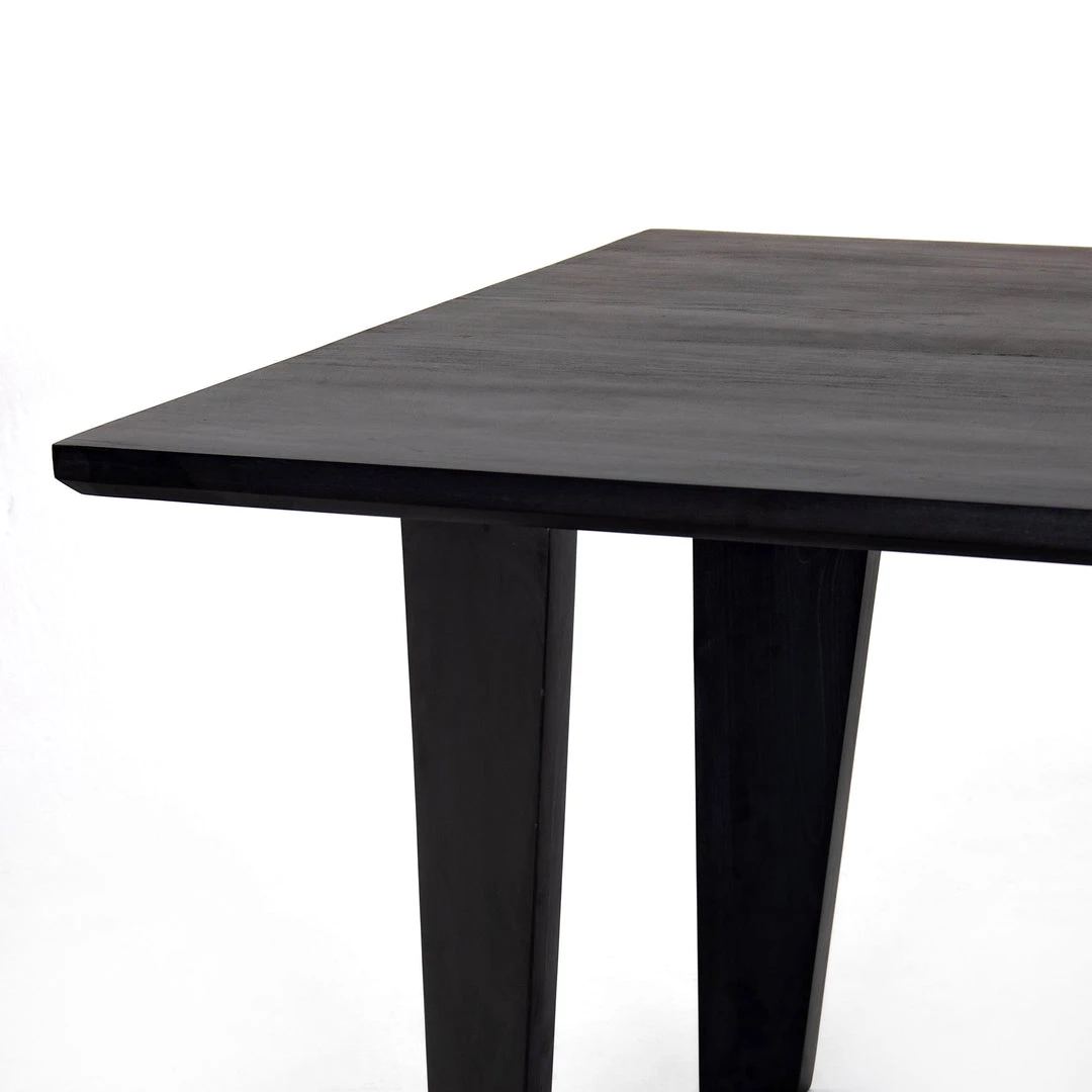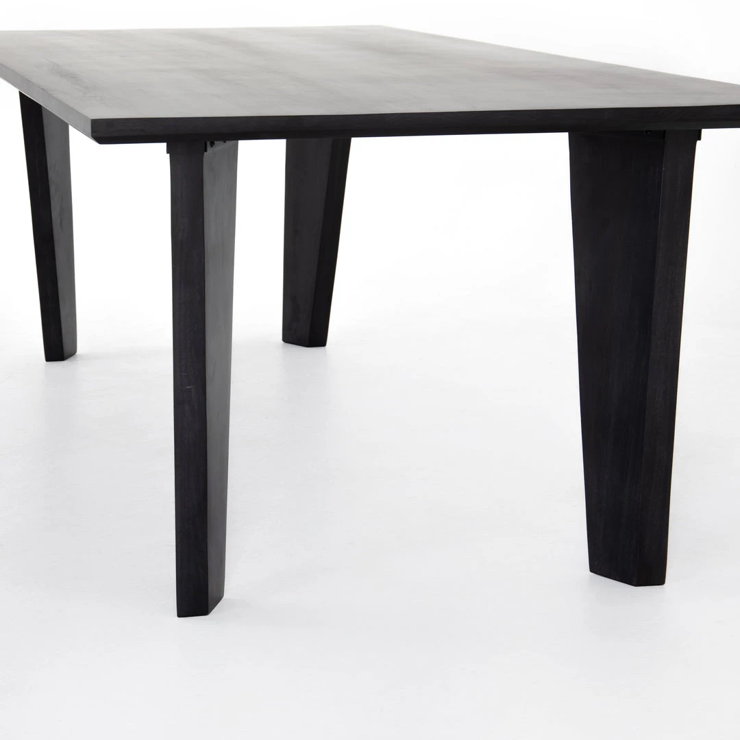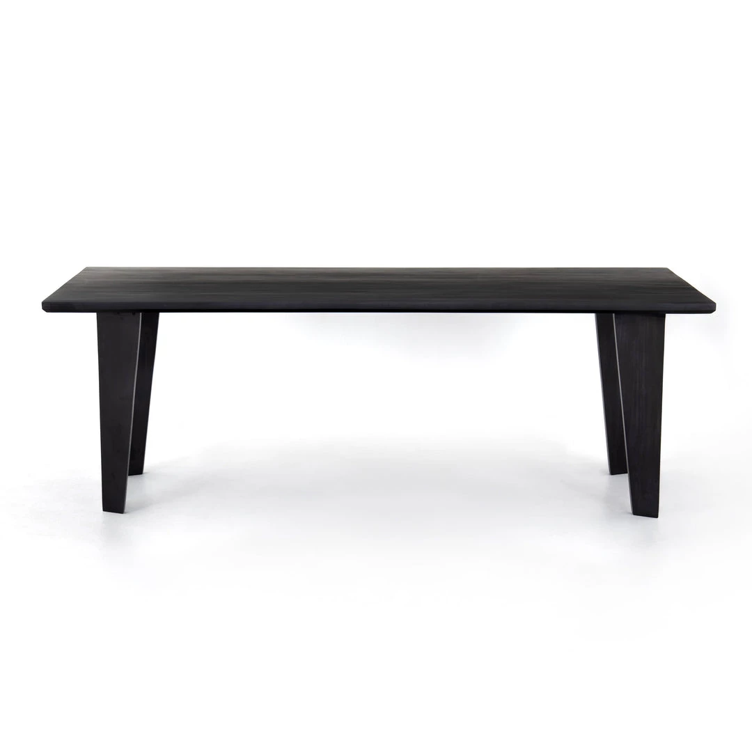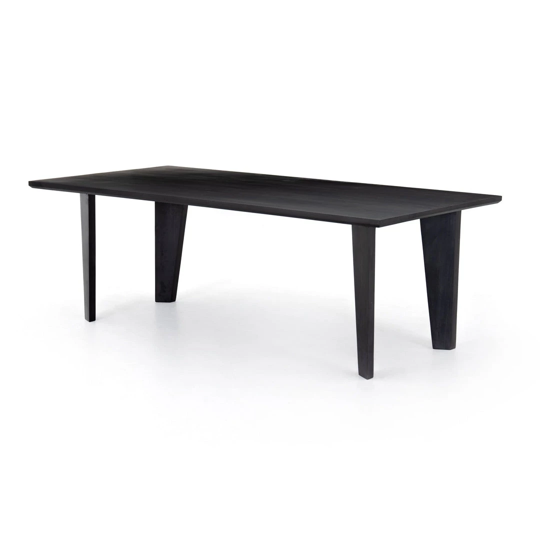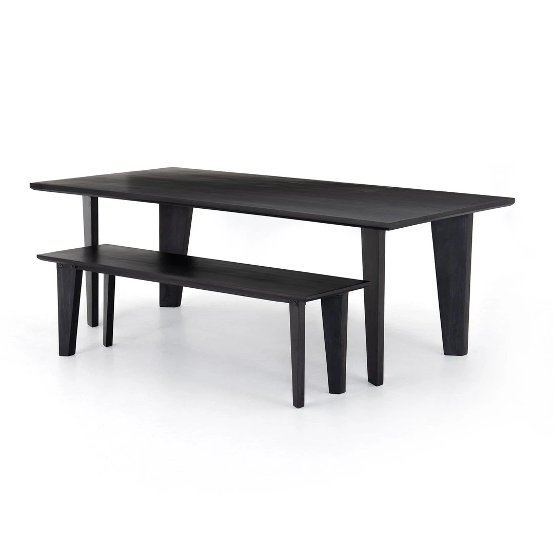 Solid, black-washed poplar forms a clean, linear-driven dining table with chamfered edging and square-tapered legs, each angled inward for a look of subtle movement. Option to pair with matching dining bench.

============

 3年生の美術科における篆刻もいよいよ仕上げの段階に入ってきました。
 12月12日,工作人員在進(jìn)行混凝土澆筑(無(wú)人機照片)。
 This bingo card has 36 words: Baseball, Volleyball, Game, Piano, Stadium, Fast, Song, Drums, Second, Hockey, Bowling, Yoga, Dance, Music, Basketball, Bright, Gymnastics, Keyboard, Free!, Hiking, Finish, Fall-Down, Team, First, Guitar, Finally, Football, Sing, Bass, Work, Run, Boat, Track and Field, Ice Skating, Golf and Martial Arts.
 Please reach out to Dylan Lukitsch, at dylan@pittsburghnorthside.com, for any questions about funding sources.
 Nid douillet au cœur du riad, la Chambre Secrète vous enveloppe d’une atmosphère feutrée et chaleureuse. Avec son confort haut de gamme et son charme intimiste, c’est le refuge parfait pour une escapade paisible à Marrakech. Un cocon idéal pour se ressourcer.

============

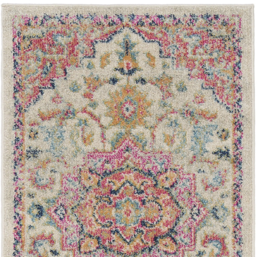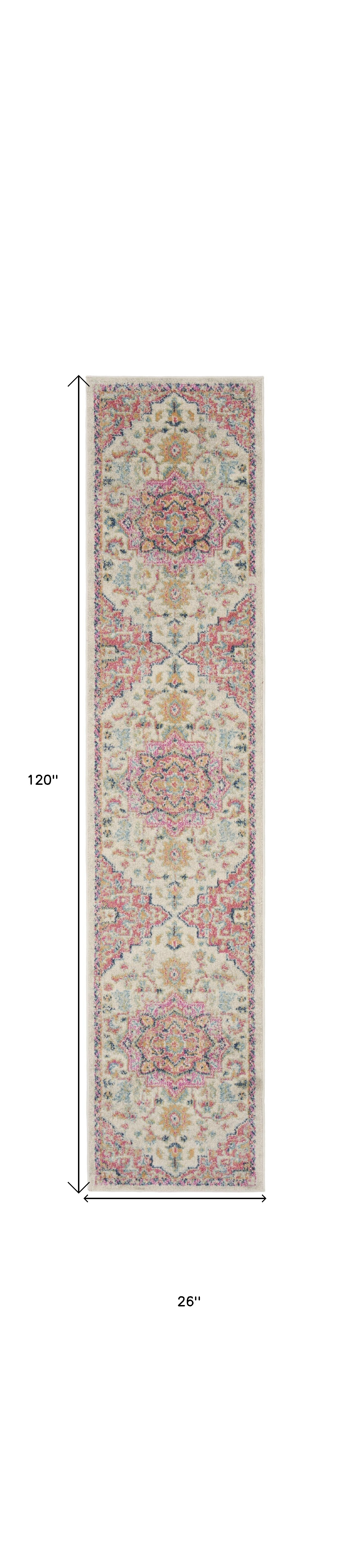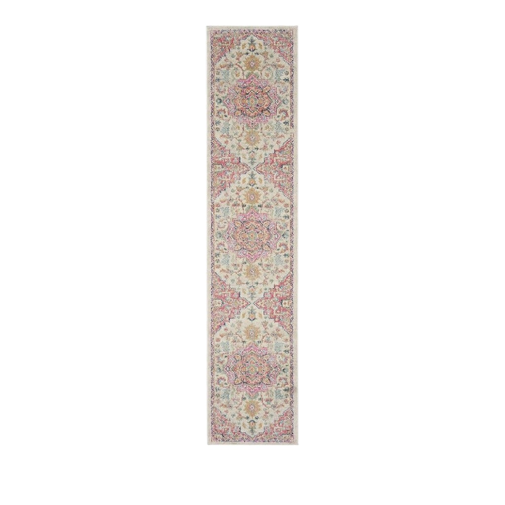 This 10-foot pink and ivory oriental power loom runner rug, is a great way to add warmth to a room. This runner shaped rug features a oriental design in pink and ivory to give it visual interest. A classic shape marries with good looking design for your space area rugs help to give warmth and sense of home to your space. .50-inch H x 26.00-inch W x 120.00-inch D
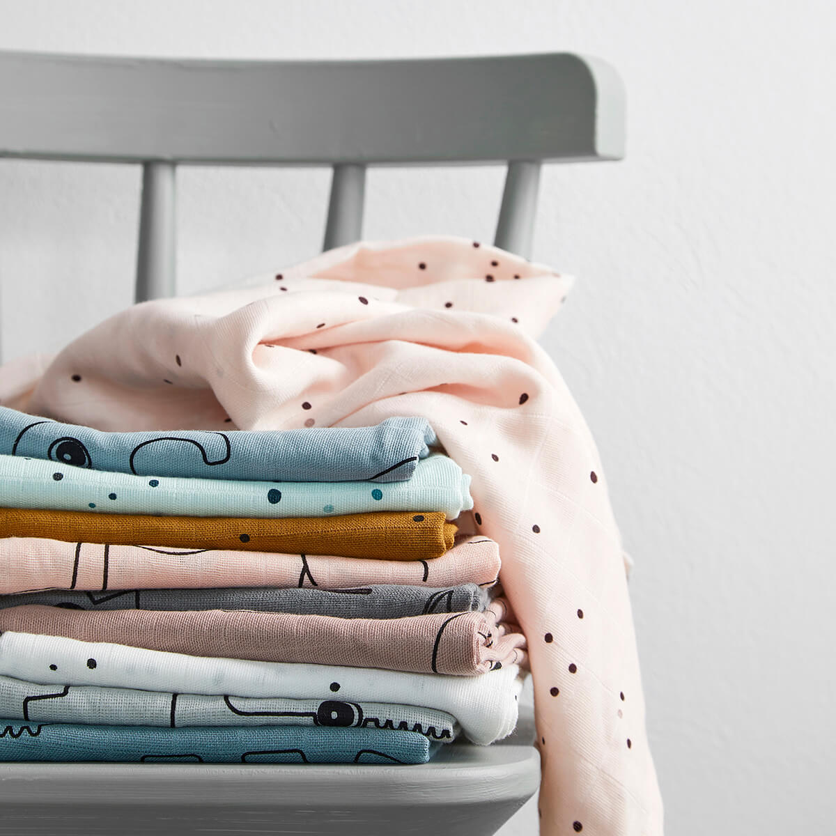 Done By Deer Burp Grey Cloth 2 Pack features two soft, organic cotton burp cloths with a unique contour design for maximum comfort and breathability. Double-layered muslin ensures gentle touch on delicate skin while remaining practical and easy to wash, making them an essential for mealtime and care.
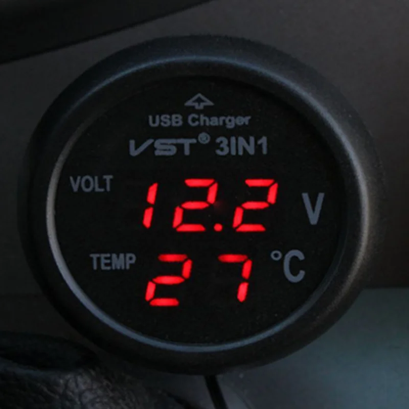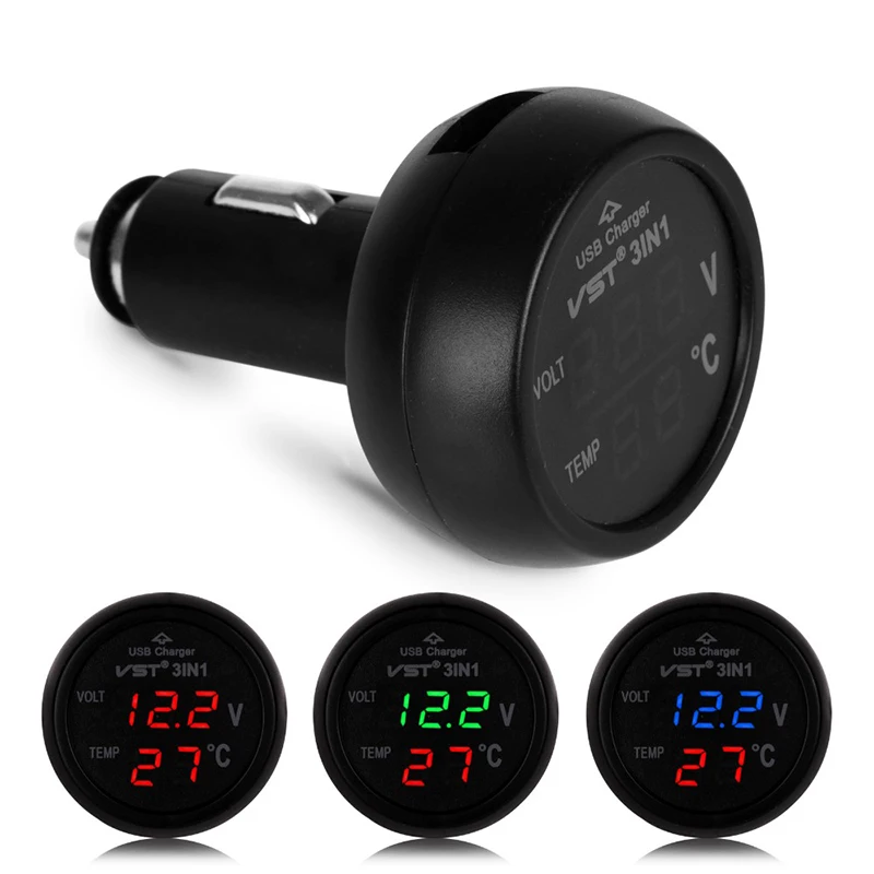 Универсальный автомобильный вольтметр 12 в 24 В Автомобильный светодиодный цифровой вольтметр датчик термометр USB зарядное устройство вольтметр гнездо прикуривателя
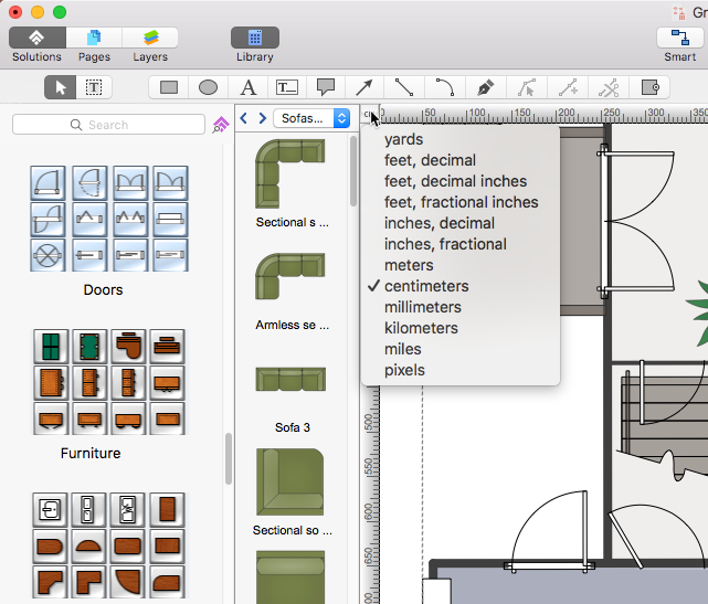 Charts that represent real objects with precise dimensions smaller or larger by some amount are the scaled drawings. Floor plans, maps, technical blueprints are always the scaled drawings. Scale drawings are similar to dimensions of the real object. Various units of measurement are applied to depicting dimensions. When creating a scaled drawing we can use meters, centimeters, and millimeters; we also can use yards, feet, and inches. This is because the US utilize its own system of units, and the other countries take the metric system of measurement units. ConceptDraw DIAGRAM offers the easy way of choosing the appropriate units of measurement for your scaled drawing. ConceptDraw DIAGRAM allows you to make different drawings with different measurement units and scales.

============

Problem statement >>
Print exactly the lines of the listing above starting at the line containing "3年生の美術科における篆刻もいよいよ仕上げの段階に入ってきました。" and ending at the line containing "12月12日,工作人員在進(jìn)行混凝土澆筑(無(wú)人機照片)。", both included.

Output for this task >>
 3年生の美術科における篆刻もいよいよ仕上げの段階に入ってきました。
 12月12日,工作人員在進(jìn)行混凝土澆筑(無(wú)人機照片)。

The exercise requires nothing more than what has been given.